Licenses (was Re: Should I add a "Micro" PDP11/73 to the Herd?)

From: Chuck McManis <>
Date: Thu Jun 22 20:14:17 2000

At 06:59 PM 6/22/00 -0400, Allison wrote:
>Consider this you buy a book, you own it to dispose of how you wish
>(sell, give or burn). You don't buy a license to read it or X many friends
>to read it. It is property.

Sigh. Allison has this part of it wrong, and it is a common problem.

The book *is* the license. The contents (words etc) are licensed to the
particular bits of paper and cover that you are holding in your hand. When
you transfer the paper, the words go with it. You are forbidden from
copying the words off the paper and putting them on to some other piece of
paper. What you *own* in the book case is some newsprint, some wax, and
some binder thread *and that is all*.

If you *MUST* use the book analogy, (and it has already appeared twice
now), understand how it would be implemented in computers:

         You license the software and it is licensed (bound) to your CPU.
         You own the CPU and may dispose of it how you wish, however if you
         give it away or burn it or throw it away, the software goes with it!
         Intel tried to make this model possible with their serial number
         scheme but the market rejected it.

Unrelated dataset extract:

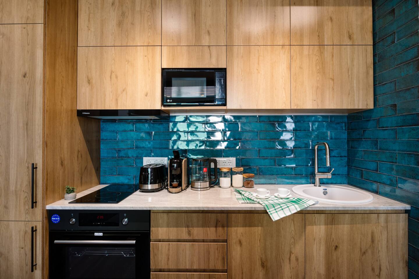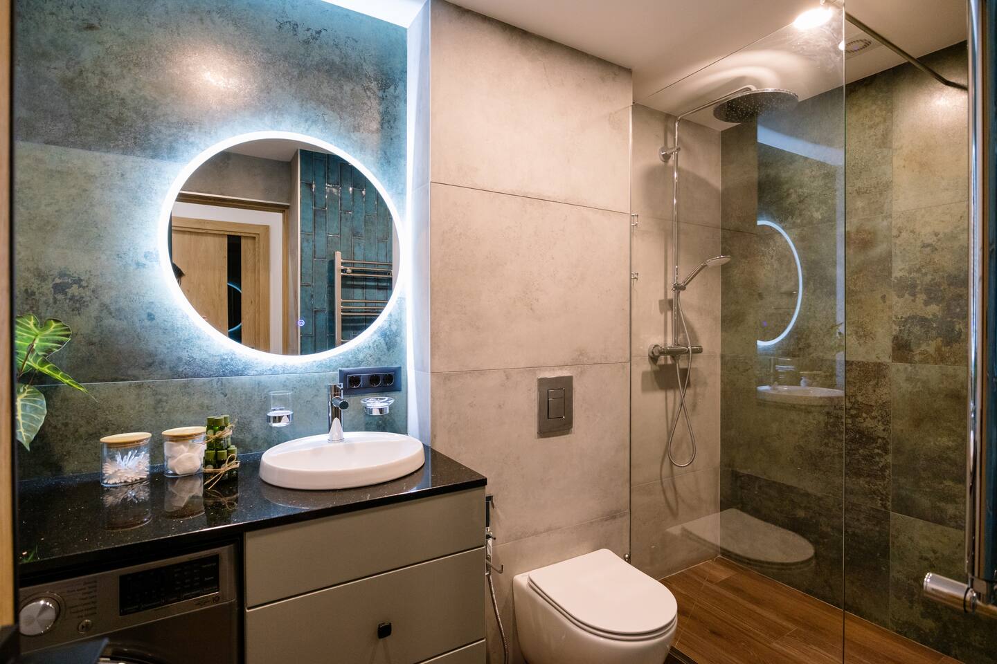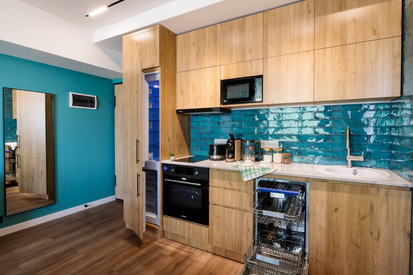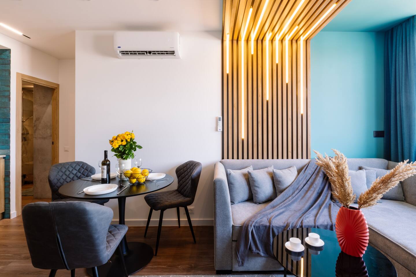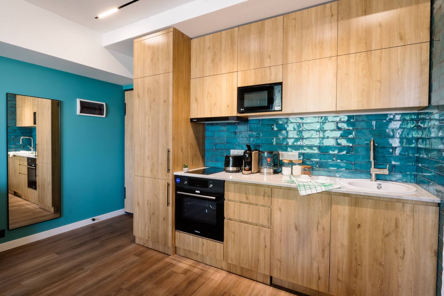 Introducing Sapphire: A Symphony of Style and Light Location: Situated at the prime location of Khorenatsi 25, Sapphire places you just a 4-minute walk from Republic Square and within easy reach of three main parks—offering an unparalleled blend of urban convenience and natural beauty. Living Room: Enter the Sapphire living room, a blend of deep blue tones and dynamic lighting that creates a captivating atmosphere. Furnished with a premium sofa bed, a large TV with complimentary Netflix, and distinctive wall art, this space radiates an electric vibe. A Crosley Vinyl Player adds retro charm, while LED lights connect the ceiling and walls, celebrating modern living with timeless elegance. Kitchen: Discover culinary elegance in the Sapphire kitchen, adorned with classic wood-style cabinets and top-notch appliances including a fridge, freezer, oven, stove, and dishwasher. The space combines functionality with style, featuring ample storage and a modern extractor. A chic breakfast bar and striking backsplash add to the inviting ambiance, making it a perfect blend of warmth and modernity. Bedroom: Enter the bedroom and be enveloped in a world of subtle elegance and comfort. The super premium mattress, surrounded by soft, easy colors and numerous pillows, promises a heavenly sleep. The room features full-length windows that flood the space with light, dark shades for tranquility, and dedicated reading lights. A working desk in the bedroom adds to the thoughtful layout. Bathroom: The bathroom is outfitted with luxurious tiles and features a high-end shower set, an LED mirror, and an integrated washer and dryer for utmost convenience. Every detail, from the cabin shower to the ample storage, reflects sophistication and quality. Building: Reside in a heritage building that combines historical charm with contemporary amenities, including a new modern lift, ensuring every aspect of your stay is seamless. Dive into the Sapphire experience, where every detail is curated for those who appreciate the finer things. From the electrifying ambiance to the thoughtful blend of the old and new, Sapphire is not just a place to stay—it's a destination to experience and cherish

So software, unlike books, is licensed to _people_. (or corporations)
because people and corporations like to be able to change their CPU and not
bother with relicensing their software. If you throw away the corporation
then the license gets thrown away too, just like if you had thrown away the

> The copyright means you can't make copies
>of it (other than limited amounts for reference with attribution) to sell
>or give away without expressed permission.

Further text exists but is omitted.